Give the data again exactly as it appears, excluding any pictures.

[Saved data entries]
++++

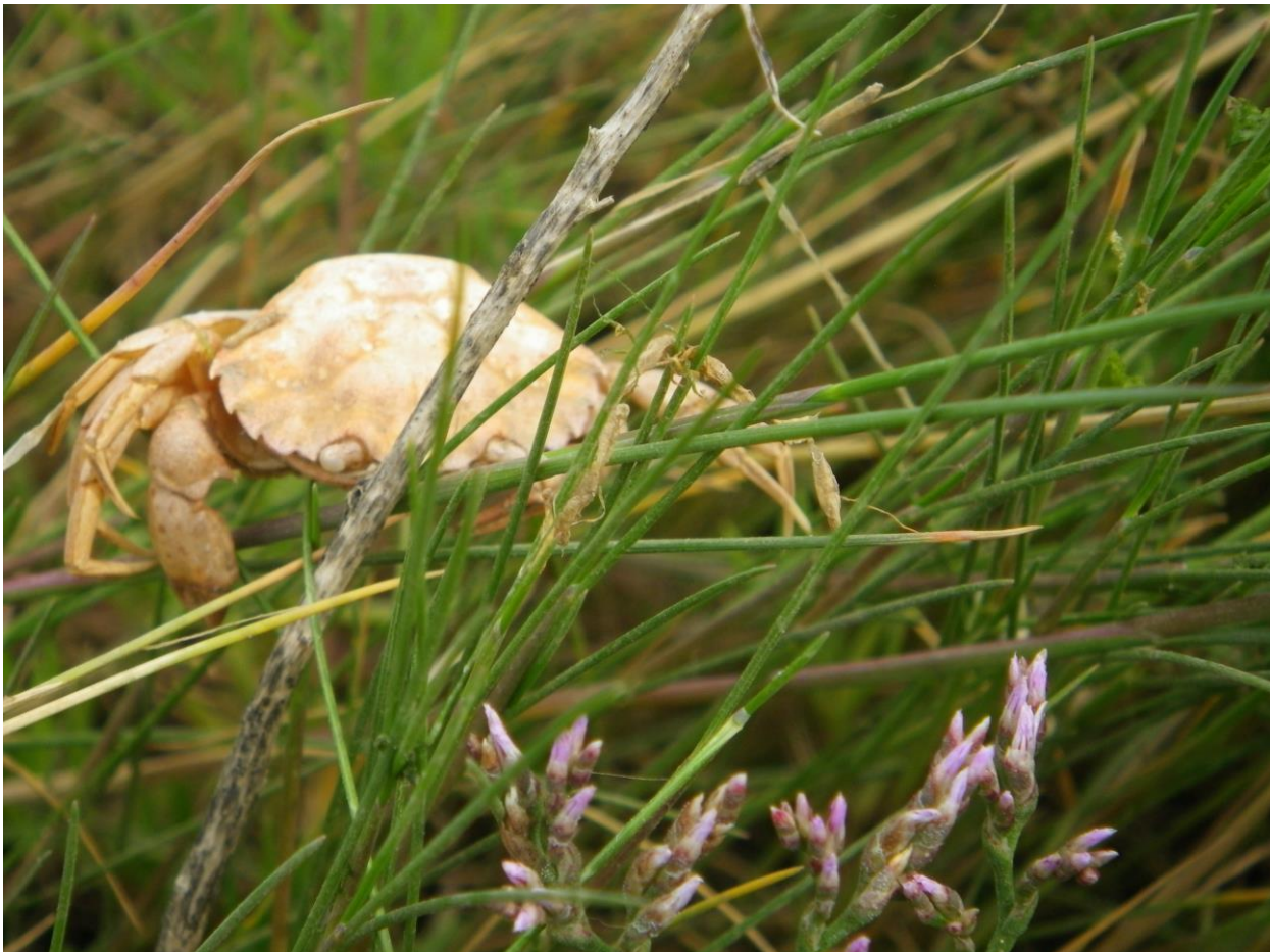
30. Moulded crab exoskeleton Horseshoe Point
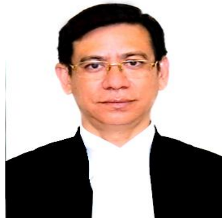
The Hon'ble Justice Kayem N Kotiswar Singh BA Hons Pol Sc 1983 KM LLB 1986 Judge High Court of Manipur
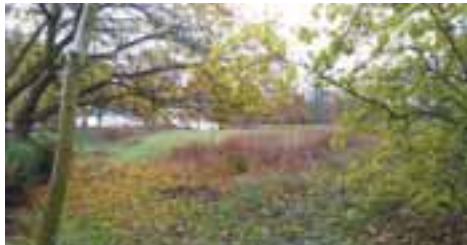
The Paddock, Harefield Drive, Heywood
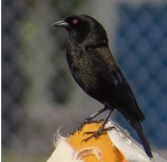
Bronzed Cowbird, 23 May 2020, Bastrop County
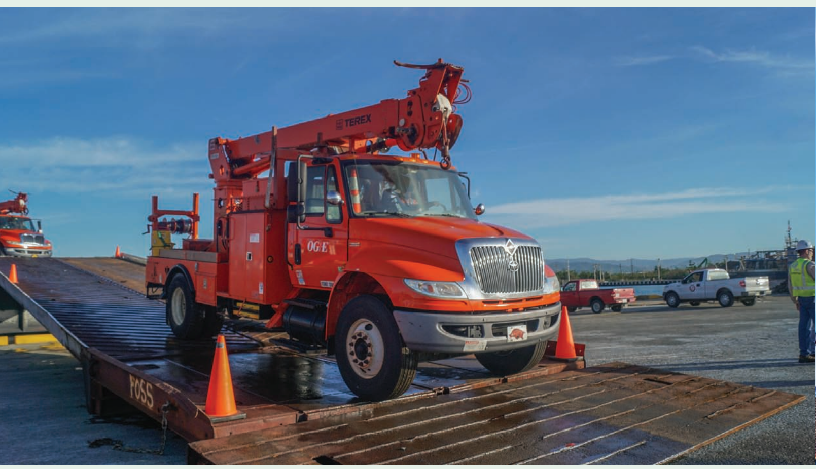
One of 563 utility vehicles delivered by Foss to Puerto Rico rolls off a barge at the Port of Ponce.

++++

§ Response:
30. Moulded crab exoskeleton Horseshoe Point
The Hon'ble Justice Kayem N Kotiswar Singh BA Hons Pol Sc 1983 KM LLB 1986 Judge High Court of Manipur
The Paddock, Harefield Drive, Heywood
Bronzed Cowbird, 23 May 2020, Bastrop County
One of 563 utility vehicles delivered by Foss to Puerto Rico rolls off a barge at the Port of Ponce.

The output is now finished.